Session Title: Pediatric Rheumatology - Clinical and Therapeutic Aspects: Juvenile Idiopathic Arthritis

Session Type: Abstract Submissions (ACR)

Background/Purpose

Patient reported outcome measures (PROs) are used increasingly in clinical care. A framework to interpret scores according to degree of clinical severity would enhance their practical use. Furthermore, use of PROs in evaluation of treatment effectiveness over time requires establishment of minimal important differences (MID) in change scores. 

Methods

We identified clinical severity thresholds and MID for measures of mobility, upper extremity function, fatigue, and pain interference working with patients with juvenile idiopathic arthritis (JIA) and parents of JIA patients using standard setting methodology modified from educational testing. Data from Patient-Reported Outcomes Measurement Information System (PROMIS) item bank longitudinal validation collected on 121 JIA patients was used to develop clinical vignettes across a range of symptom severity.

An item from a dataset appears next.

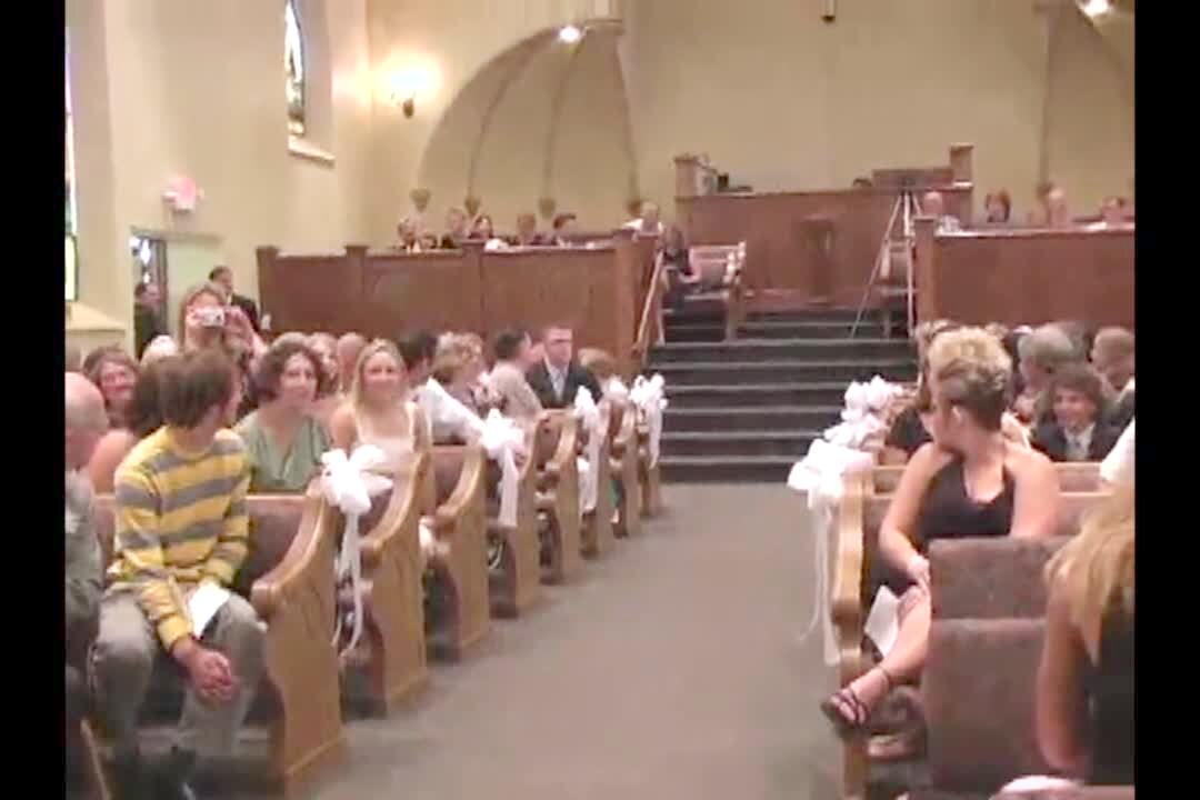 In a church, before wedding, a young flower girl runs down the aisle screaming and a bridesmaid woman picks her up at the front of the church. The entire crowd of people laugh as a young ring bearer boy and another young flower girl walk down the aisle together.
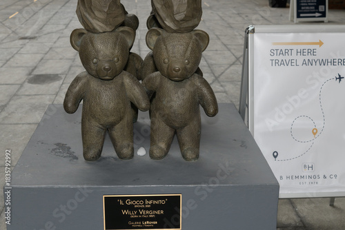 © eugen, Fototapeta premium close-up detail of Willy Verginer’s Il Gioco Infinito (2021) — a bronze and acrylic sculpture exhibited at Galerie LeRoyer and Yorkville Lane in Toronto - teddy bears

Vignettes were created based on most likely item responses at different levels on the T score metric [mean = 50; SD = 10]. Vignettes were anchored at 5-point intervals (0.5 SDs). Parents and patients participated in separate one-day meetings. Vignettes were ordered and placed on cards. Panelists identified adjacent vignettes considered to represent upper and lower boundaries separating category cut points (i.e., none /mild problems, mild/moderate, moderate/severe). Cut scores were defined as mean score for boundary vignettes. To define MIDs panelists responded to items to represent “just enough improvement to make a difference”. Average change scores served as estimates of MID.

Results

For pain interference, mobility, and upper extremity function patients set higher cut points for severity than parents, typically by 0.5 SD. Parents tended to set higher MID scores than JIA patients. Size of MID varied according to severity classification of the symptom. MIDs estimated by the panelists were typically larger than the MIDs determined using statistical methods.

Conclusion

We used a modified educational standard setting method to estimate clinically relevant cut points to classify severity for PROMIS measures of mobility, upper extremity, fatigue and pain interference. Parallel exercises identified these cut points from the perspectives of patients with JIA and parents of a child with JIA. We explored a novel means of determining MID from the patient/parent perspective. This allows for meaningful interpretation of PROMIS measures in a clinical setting. In summer 2014, the method will be repeated with clinicians serving as panelists. Results will be compared across panel groups. MIDs generated by the 3 panelist groups and those generated statistically from the longitudinal study sample will be compared.


Disclosure:

E. M. Morgan DeWitt,
None;

B. Huang,
None;

K. Barnett,
None;

A. Carle,
None;

C. Mara,
None;

K. Cook,
None.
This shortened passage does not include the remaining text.